Land of the Free: The battle of LA
- KARLOVY VARY 2017: The feature-length documentary debut by Danish filmmaker Camilla Magid spotlights the victims of an inadequate prison system trying to find redemption in South Central LA
What does it take to turn your life around in a society that allows little to no room for change? In her feature-length documentary debut, Land of the Free [+see also:
film profile], which is duking it out in the Documentary Competition of the 52nd Karlovy Vary International Film Festival, award-winning Danish filmmaker Camilla Magid explores the depths of the economically depressed district of South Central LA and its disadvantaged inhabitants, subjugated by an uncaring and sweltering prison system, and oppressed by the devastating, ever-present threat of gang violence.
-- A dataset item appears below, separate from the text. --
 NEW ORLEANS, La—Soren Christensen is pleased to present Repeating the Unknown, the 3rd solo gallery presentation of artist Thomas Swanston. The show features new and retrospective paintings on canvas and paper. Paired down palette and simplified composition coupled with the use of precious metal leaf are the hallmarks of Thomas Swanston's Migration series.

Brian Watts (42) has just been released from Soledad State Prison after serving 24 years of a 28-to-life sentence. He grew up in a dysfunctional family and learned from an early age to make poor choices. He has spent most of his life in jail and now has to learn everything from scratch. One of the first things he does is to open a Gmail account and create his digital identity, which is so crucial nowadays if you want to apply for a job and is a prerequisite for merely existing in today's automated society. Brian attends a community programme that aims to promote acceptance and forgiveness and, mentored by Pastor Swaringer, he has recurring meetings with a psychologist. Attending this programme are also Juan (18), an illegal immigrant from San Salvador on probation after being arrested for gang activity, and Gianni (seven), who is convinced that nobody loves him, not even his mother, Cezanne Lewis, with whom he has a very conflicting relationship after she has been arrested at the border for trying to smuggle 200 pounds of marijuana. All three characters are trying to find their place in a society that seems to have no use for them.
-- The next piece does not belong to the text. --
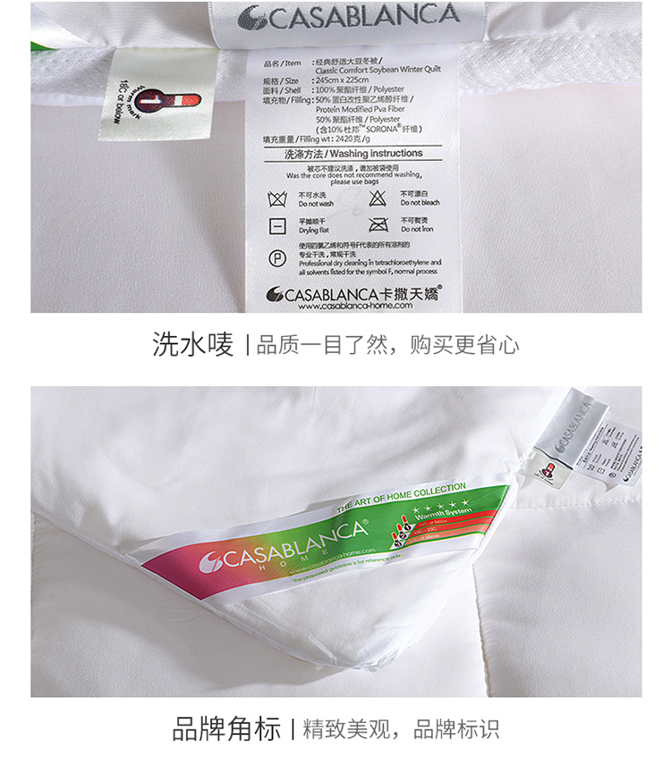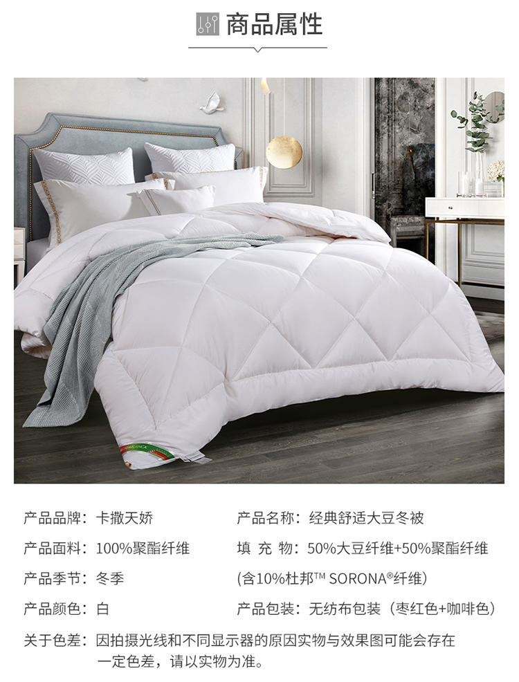 卡撒天娇(CASABLANCA)家纺 经典舒适大豆冬被(单位/床) 本白色 203*225cm

If one were to make a hasty judgement, one could say that the relationships between individuals, family, society and institutions are the sole focus of Magid’s critical dissection. But that's not all. Brian, Juan and Gianni have two things in common: they’ve all been victims of gang activity and raised by a single mother. “I don't look like her,” says Gianni, referring to his mother; “I look like my father” – a person he's never even seen. "You ready?" asked Juan's mother before hugging him and accompanying him to the border. "I love you. Take care of yourself. Walk and don't look back." The reconciliation between Brian and his mother, with whom he hasn't connected for the past 24 years, becomes a cardinal part of the documentary – and of Juan’s grievous process of building healthy relationships with the women in his life.
Over a span of two years, Brian, Juan and Gianni remind us that living in the free world doesn’t necessarily mean being free. Brian is still carrying around the burden of his past choices, Juan is in a country he can’t call home, and Gianni is confined to his house for fear that something might happen to him in the streets.
Produced by Danish outfit Final Cut for Real and Finland’s Tuffi Films, and handled internationally by Danish sales agent DR Sales, Land of the Free is a must-watch documentary that will surely find success as it continues its festival run and attract the interest of many international buyers.